What should be the boot lock-unlock logic in modern cars to prevent lockout?



This post is only about boot locks, and getting locked out via the boot. A recent incident prompted me to write this:

Quote:
I had gone for a trek to a remote hilly part of the country, some 350-400 kms away from the city, a place where the nearest bazaar is a minimum one hour drive away.

I drove till the last motorable road, and then I parked and locked my car (Venue SX+ DCT) at the base camp for the trek. I carefully placed the car key inside my trekking backpack, and started climbing. By 5:30 in the evening, I returned from the trek, exhausted, finally relieved at the prospect of resting in the comfort of the car. I pressed the boot door button, and the boot opened without a fuss. I took out a clean towel and water. Wiped my face, and then put back the towel along with my backpack inside the boot. Then I closed the boot. Car indicators blinked showing that it is locked. The car got locked with the key inside the backpack.

It was already in my knowledge that the boot door of Hyundai Venue gets locked/unlocked independently if the key-fob is nearby. But I was pretty tired from the trek, and these things escaped my mind.

The car did not detect that the key-fob is inside, and locked me out on a remote land with no sign of help. finally after futile trial of some common old-school methods for some hours we had to break a glass, to rescue the key-fob from my backpack.

There was the option of unlocking through Bluelink, but my phone was in the back pack, too!
After coming back to my city, I have looked around a little, and seen the following types of mechanical/electronic/software logic for boot door lock-unlock in common modern cars. Let us see which boot is better at preventing such incidents:

Type 1: No external mechanism to open the boot. Only way to open is using the lever at the base of the driver's seat. Usually seen in budget cars with/without central locking. Example: Datsun Redi-go. You cannot get locked out here (unless you circumvent the central lock). Because to open the boot, either the car as a whole has to be unlocked, or someone has to be inside.

Type 2: Contains external keyhole at the boot door. Example Maruti Alto, Hyundai Santro. However, boot door is independent of central lock, and hence not lock-out proof. Car can get locked with the key inside (similar to my incident, but less probable, because you need to have the key in your hand to unlock the boot in the first place).

Type 3: Dedicated button/function for boot unlock in the remote. Basically an wireless version of Type 2.

Type 4: Contains external button/lever at the boot door, but no key hole or any other direct way to unlock the boot independently.

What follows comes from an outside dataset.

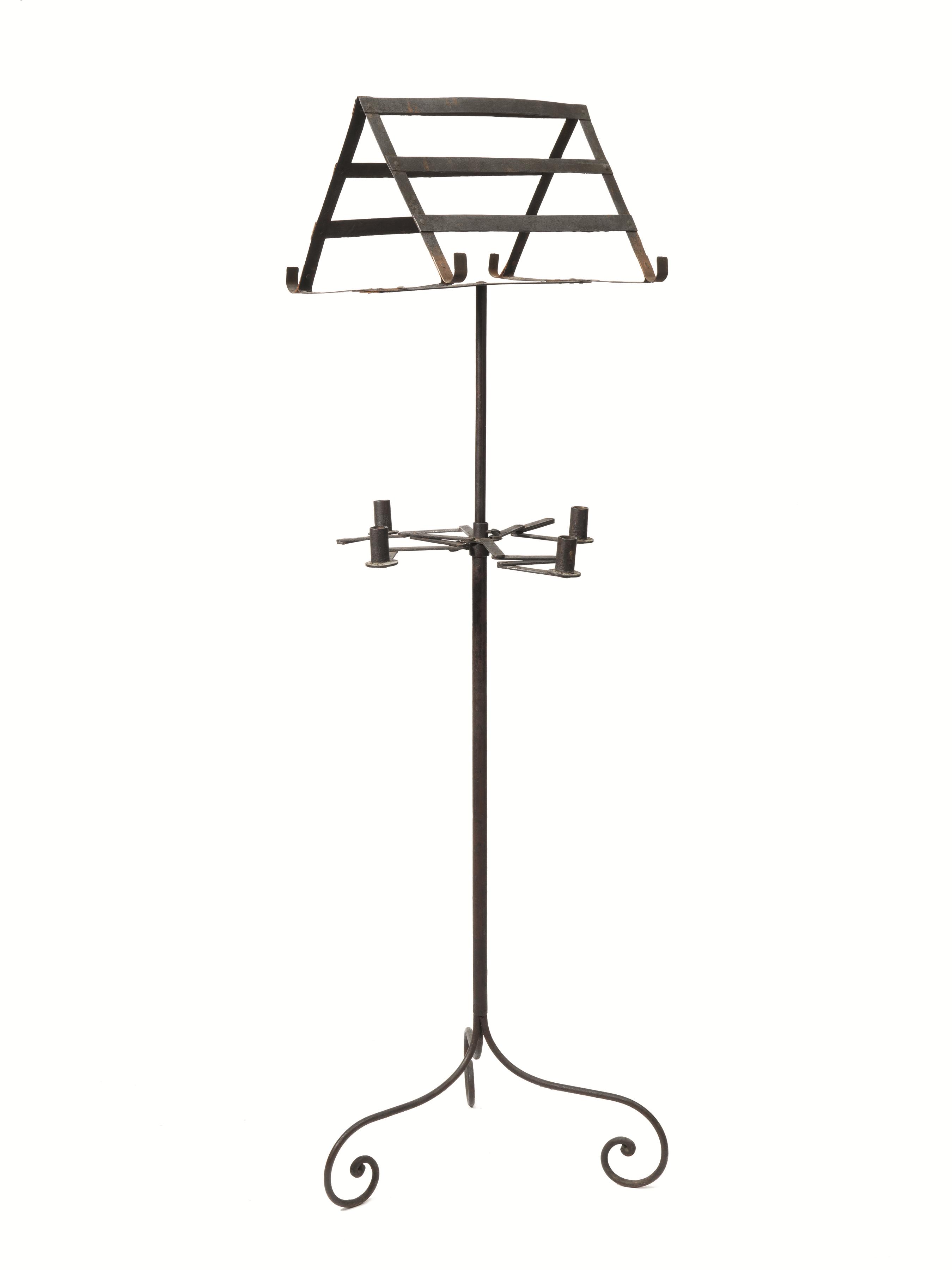 Leggio, sec. XIX, in ferro battuto e lamierina, parte superiore a doppio leggio, fusto con quattro bracci portacandela pieghevoli, base tripode, alt. cm 134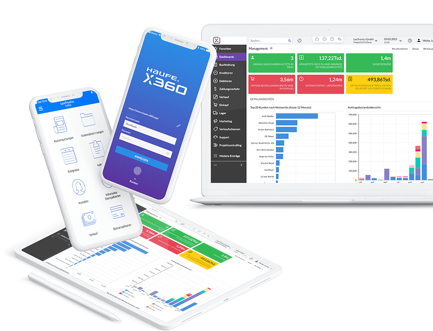 Mit Haufe X360 bündeln Sie Ihre Geschäftsprozesse in einem zentralen System – cloudbasiert, modular, flexibel. Ob Finanzen, Lager, Produktion oder CRM: Sie steuern alles in Echtzeit, standortunabhängig und DSGVO-konform.

Boot door is part of the central locking system. Example: Hyundai Grand i10. This is the best logic, in my opinion. Because the boot is unlocked only if the central lock is unlocked. Similarly boot is locked along with the central lock. No way to forget the keys inside.

Type 5: Proximity sensor based independent boot unlock. That means, the boot is unlocked independently if the key-fob is nearby, while the other doors remain locked. Example: Hyundai Venue SX+. This is convenient feature for grocery shopping, but it is also true that the car gets locked back when you close the boot, without you pressing anything. In the Venue the car gets locked even if the key is inside. The lock should have been prevented if the key was detected inside.

Others: Luxury cars might have more sophisticated logic, that I do not know about.

What might be a best logic for the boot? Boot lock should be independent of central lock or not? What could have been be the soft/hard logic that could have prevented my unfortunate incident above?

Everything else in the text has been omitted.